# Improving performance

We'll focus on improvements that can be made in these three areas:

1. Text processing

    - tokenize on punctuation to avoid hyphens, underscores, etc.
    - include unigrams and bi-grams in the model. By doing so we're more likely to capture important information involving multiple tokens, e.g. 'middle school'.

Sklearn facilitates this through various parameters we can pass to `CountVectorizer` in our preprocessing steps to our pipeline. We can customizer the vectorizer to only accept alphanumeric characters in tokens and include `1-gram` and `2-grams` in the vectorization.

```py
TOKENS_ALPHANUMERIC = '[A-Za-z0-9]+(?=\\s+)'

vec = CountVectorizer(token_pattern=TOKENS_ALPHANUMERIC, ngram_range=(1,2))
```

2. Statistical methods - Interaction modeling

We can use n-grams to capture sequences of words when they appear in order. This will not work when terms are not next to each other, e.g. '3rd grade - budget for English teacher' and 'English teacher for 3rd grade'. `Interaction Terms` allows us to mathematically describe when terms appear togeher. Sklearn implements `Interaction Terms` through it's `Polynomial Features` function.

`degree` - number of columns to include, performance hit if too many features included
`interaction_only=True` - tells sklearn not to multiply a column by itself.
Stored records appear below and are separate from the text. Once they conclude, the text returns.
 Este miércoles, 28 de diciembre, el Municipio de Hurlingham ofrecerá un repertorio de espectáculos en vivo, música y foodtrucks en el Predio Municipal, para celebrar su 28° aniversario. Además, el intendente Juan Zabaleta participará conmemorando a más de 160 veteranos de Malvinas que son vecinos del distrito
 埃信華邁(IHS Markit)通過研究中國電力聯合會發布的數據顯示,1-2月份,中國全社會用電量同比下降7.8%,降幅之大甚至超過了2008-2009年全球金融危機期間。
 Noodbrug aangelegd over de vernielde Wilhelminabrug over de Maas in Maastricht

Insert the step after the preprocessing steps, but before the classifier steps.

```py
from sklearn.preprocessing import Polynomialfeatures

interaction = PolynomialFeatures(degree=2, interaction_only=True, include_bias=False)
```

3. Computational effifcency using a hashing function

As the number of features in our model grows, the size of the resulting matrix created also grows as does the length of time and amount of memeory required.
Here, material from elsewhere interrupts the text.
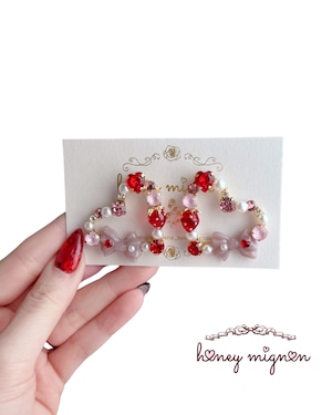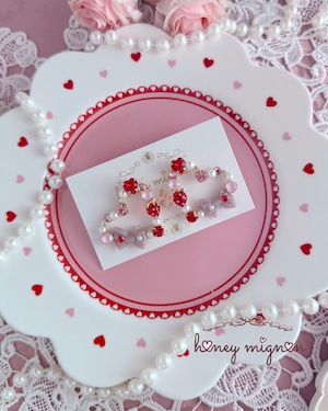 赤とピンクのストーンが描くハートラインが、甘く華やかな印象を引き立てます。

Hashing is a way of increasing memory efficiency, without sacrificing model accuracy. The hashing function takes an input, the token, and outputs a hash value, which could be a string or integer. We explicitly state how many outputs the hashing function can have, e.g. 250. The hashing function will automatically map each token to one of the 250 values/columns. Some columns will have more than one token mapped to it. This does not affect model accuracy.

By explicitly stating how many possible outputs the hashing function may have, we limit the size of the objects that need to be processed. With these limits known, computation can be made more efficient and we can get results faster, even on large datasets.

Hashing is used in **Dimensionality Reduction**, making the array of features as small as possible. Which is particularly useful when the dataset is particularly large.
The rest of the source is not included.